Q: How does SQL injection prevention work?

Answer: SQL injection prevention is handled by Drizzle ORM's parameterized queries. All database queries use Drizzle's query builder which automatically parameterizes user input. Raw SQL is only used in specific cases (like advisory locks) with hardcoded values, not user input. The sql template literal in Drizzle is used for dynamic SQL but still uses parameterization. For example, the sequence increment uses sql${run.nextEventSeq} + 1`` which is parameterized. The system never concatenates user input into SQL strings. This approach ensures that user input cannot influence the SQL query structure.

Q: How does secrets management work?

Answer: Secrets management relies on environment variables and encryption at rest. Sensitive data (API keys, encryption keys, AWS credentials) are stored as environment variables and never committed to git. The ENCRYPTION_KEY is used to encrypt user API keys before database storage. The encryption key itself is an environment variable that must be provided at deployment. In production, this would typically come from a secrets manager (AWS Secrets Manager, HashiCorp Vault, etc.). The system doesn't currently implement secret rotation, but this could be added by re-encrypting user API keys when the encryption key changes.
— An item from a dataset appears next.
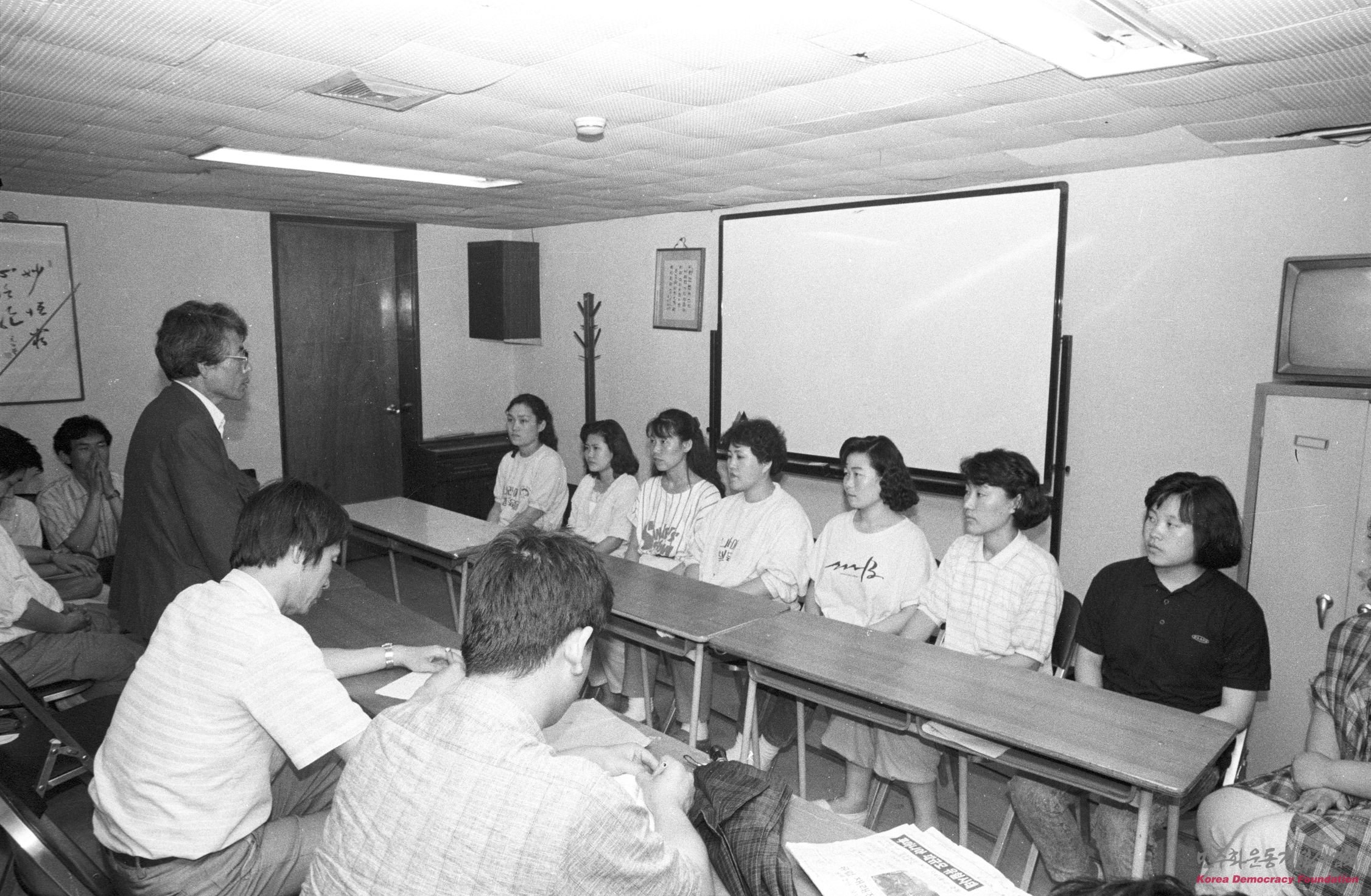 중원전자 노조측과 회사측 관계자들이 회의를 하는 모습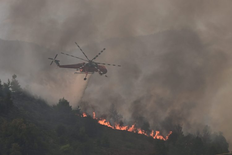 Στην φωτιά στην Παλαιά Πεντέλη επιχειρούν 40 πυροσβέστες με 15 οχήματα και εθελοντές καθώς και δυο αεροσκάφη και ένα ελικόπτερο.

Q: How does audit logging work?

Answer: Audit logging is implemented through the security telemetry middleware and Sentry integration. Security events (auth failures, rate limit violations, HTTP anomalies) are logged with context including request ID, user ID, IP, path, and timestamp. These logs are sent to the logging system (console, file, or external log aggregation). Sentry captures errors with user context for debugging. The system could be extended to write audit events to a dedicated audit log table in the database for long-term retention and compliance. Currently, audit logs are primarily for operational monitoring and security incident response.